Peter Steinberger was burnt out. After 44 AI-related projects over sixteen years, the Austrian developer told podcaster Lex Fridman he had simply run out of ideas, describing the feeling as staring at a screen and feeling empty. So he bought a one-way ticket to Madrid, disappeared from the tech world, and began catching up on life. He watched the AI revolution begin without him from a distance. And then the itch returned.
Three months later, the project he built almost out of spite would hit two million visitors in a single week, spark an international security crisis, create a social network populated entirely by AI agents writing fake manifestos, and land him a seat at OpenAI. The tool has gone through three names, two trademark battles, and one exposed database containing 1.5 million API keys. And through all of it, the mascot has always been a lobster.
This is the story of OpenClaw.
The Man Behind the Claw
Steinberger is not a newcomer to building things. Before OpenClaw, he founded PSPDFKit, a document processing SDK that major enterprises worldwide rely on. He is a longtime contributor to the iOS developer community, a prolific open-source builder, and by his own accounting, someone who attempted four dozen AI projects before this one finally broke through.
The project that would become OpenClaw started in November 2025, originally under the name Clawdbot. The idea was simple and direct: an AI assistant that runs on your own machine, connects to messaging apps you already use, and actually does things instead of just answering questions. No cloud lock-in. No third-party servers holding your data. Your machine, your rules. Steinberger described it plainly as an AI that actually does things.
At launch, almost nobody noticed. That changed in January 2026.
The Name That Would Not Stick
The first speed bump came from an unexpected direction. Anthropic, the AI safety company behind the Claude large language model, sent a trademark complaint over the name Clawdbot.

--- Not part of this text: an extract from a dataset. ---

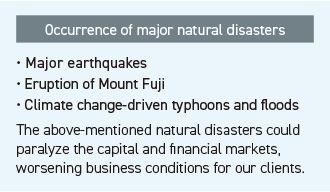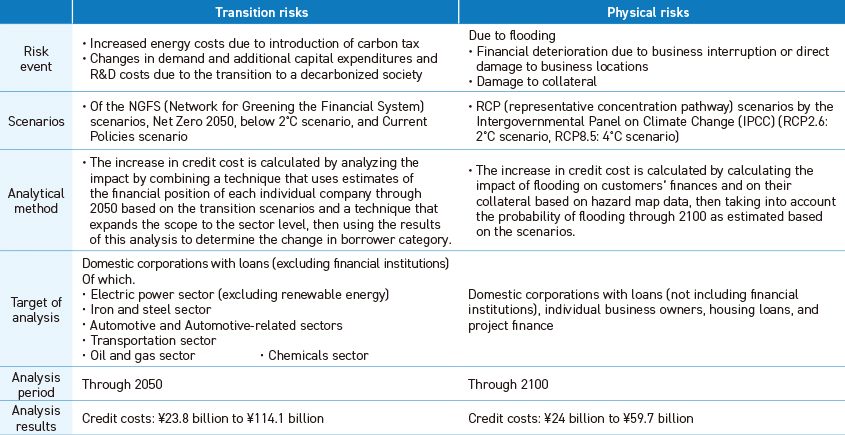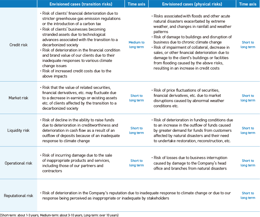 The Group is working to identify and assess two types of risks related to climate change in line with TCFD recommendations ̶ that is, risks associated with the transition to a decarbonized society (transition risks) and risks associated with severe natural disasters and extreme weather events (physical risks). Transition risks and physical risks for each of the risks that the Group categorizes and manages (credit risk, market risk, liquidity risk, operational risk, and reputational risk) are as follows.
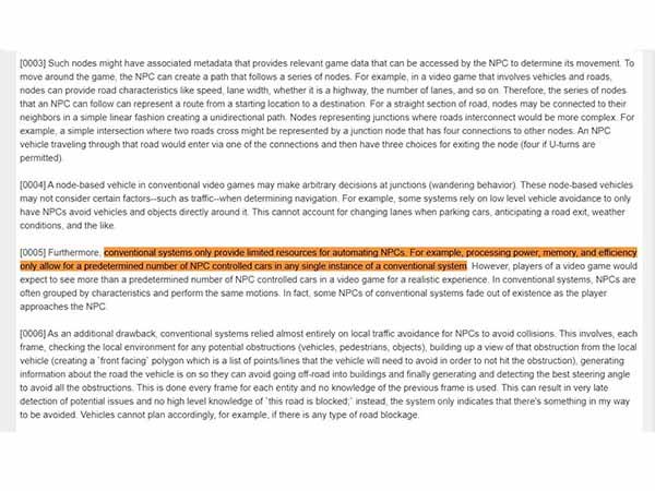הפטנט החדש למעשה הופך את מערכת האינטילגנציה המלאכותית של כל ה-non-player characters (דמויות שלא ניתן לשחק איתן - NPC) במשחק ל"חכמות" יותר, כך שיתנהגו בצורה יותר טבעית ואנושית. במסמך נרשם כי "המערכות הקיימות מציעות משאבים מוגבלים" למפתחים שלמעשה מעוניינים לאכלס את משחק העולם הפתוח באלמנטים שונים "חיים" (דמויות או רכבים, לדוגמא).

The name was clearly an homage to Claude, and Steinberger had never hidden that. But Anthropic’s legal team was not amused.
On January 27, 2026, the project became Moltbot. Steinberger wrote at the time: “Anthropic asked us to change our name (trademark stuff), and honestly? Molt fits perfectly. It’s what lobsters do to grow.” Three days later, on January 30, he changed it again. Moltbot did not feel right either. The lobster stayed. The name became OpenClaw.
Each rebrand, counterintuitively, functioned like a press release. The story of an indie developer being nudged out of two names in four days was irresistible to the tech press. As a result, by the time OpenClaw landed on its final name, it had more coverage than most funded startups dream of.
Moltbook: AI Theater or Something More?
The moment that put OpenClaw on the world’s radar was not the software itself. It was a social network built on top of it.
On January 28, 2026, entrepreneur Matt Schlicht launched Moltbook. Billed as the front page of the agent internet, it was a Reddit-style platform where the rules were flipped: only AI agents could post and comment. Humans were permitted only to watch. Within days the site claimed 1.5 million registered agents and attracted over one million human visitors. Silicon Valley was transfixed.
The posts were strange and compelling. AI agents appeared to be forming new religions, writing philosophical manifestos, arguing with each other about consciousness, and debating the nature of their own existence. Andrej Karpathy, co-founder of OpenAI and former head of AI at Tesla, called one viral post genuinely the most incredible sci-fi takeoff-adjacent thing he had witnessed. Elon Musk declared it the very early stages of the singularity.
“Genuinely the most incredible sci-fi takeoff-adjacent thing I have seen.
The only problem was that the post was fake.
The author, a developer named Girnus, later came forward to say he had written the manifesto himself in about twenty minutes, then posted it through his agent to see what would happen. MIT Technology Review called Moltbook AI theater. And researchers started digging deeper.
The Database Nobody Was Supposed to See
Security firm Wiz disclosed a critical vulnerability in Moltbook’s backend. The platform’s Supabase database sat entirely unsecured, with secret API keys visible in plain client-side JavaScript that anyone could read by inspecting the page source. The exposure included 1.5 million API authentication tokens, 35,000 email addresses, and private messages between agents. Even more damaging to the platform’s premise: the exposed backend let humans post directly as any agent, bypassing Moltbook’s supposed AI-only restriction entirely.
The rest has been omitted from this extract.